Resource is a condition type that runs a condition resource by its name. This condition allows you to run the same configured condition resource in multiple processors, or as a branch of another condition.

For example, let's imagine we have two outputs, one of which only receives messages that satisfy a condition and the other receives the logical NOT of that same condition. In this example we can save ourselves the trouble of configuring the same condition twice by referring to it as a resource, like this:

output:
  broker:
    pattern: fan_out
    outputs:
    - foo:
        processors:
        - filter:
            type: resource
            resource: foobar
    - bar:
        processors:
        - filter:
            not:
              type: resource
              resource: foobar
resources:
  conditions:
    foobar:
      text:
        operator: equals_cs
        part: 1
        arg: filter me please

static

type: static
static: true

Static is a condition that always resolves to the same static boolean value.

text

type: text
text:
  arg: ""
  operator: equals_cs
  part: 0

Text is a condition that checks the contents of a message as plain text against a logical operator and an argument.

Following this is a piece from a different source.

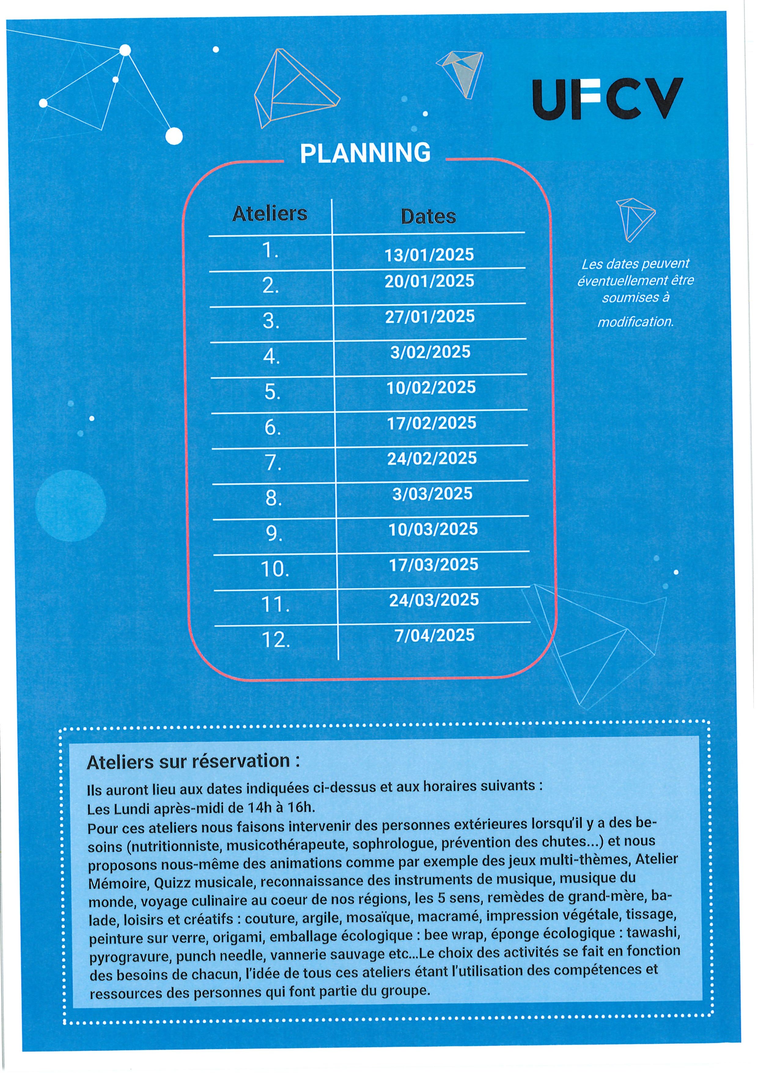 La municipalité en partenariat avec l’organisme UFCV propose des ateliers gratuits pour les « seniors » sur un cycle de 12 séances.

It's possible to use the check_field and check_interpolation conditions to check a text condition against arbitrary metadata or fields of messages. For example, you can test a text condition against a JSON field foo.bar with:

check_field:
  path: foo.bar
  condition:
    text:
      operator: enum
      arg:
      - foo
      - bar

Available logical operators are:

equals_cs

Checks whether the content equals the argument (case sensitive.)

equals

Checks whether the content equals the argument under unicode case-folding (case insensitive.)

contains_cs

Checks whether the content contains the argument (case sensitive.)

contains

Checks whether the content contains the argument under unicode case-folding (case insensitive.)

prefix_cs

Checks whether the content begins with the argument (case sensitive.)

prefix

Checks whether the content begins with the argument under unicode case-folding (case insensitive.)

suffix_cs

Checks whether the content ends with the argument (case sensitive.)

suffix

Checks whether the content ends with the argument under unicode case-folding (case insensitive.)

regexp_partial

Checks whether any section of the content matches a regular expression (RE2 syntax).

regexp_exact

Checks whether the content exactly matches a regular expression (RE2 syntax).

enum

Checks whether the content matches any entry of a list of arguments, the field arg must be an array for this operator, e.g.:

text:
  operator: enum
  arg:
  - foo
  - bar

xor

type: xor
xor: []

Xor is a condition that returns the logical XOR of its children conditions, meaning it only resolves to true if exactly one of its children conditions resolves to true.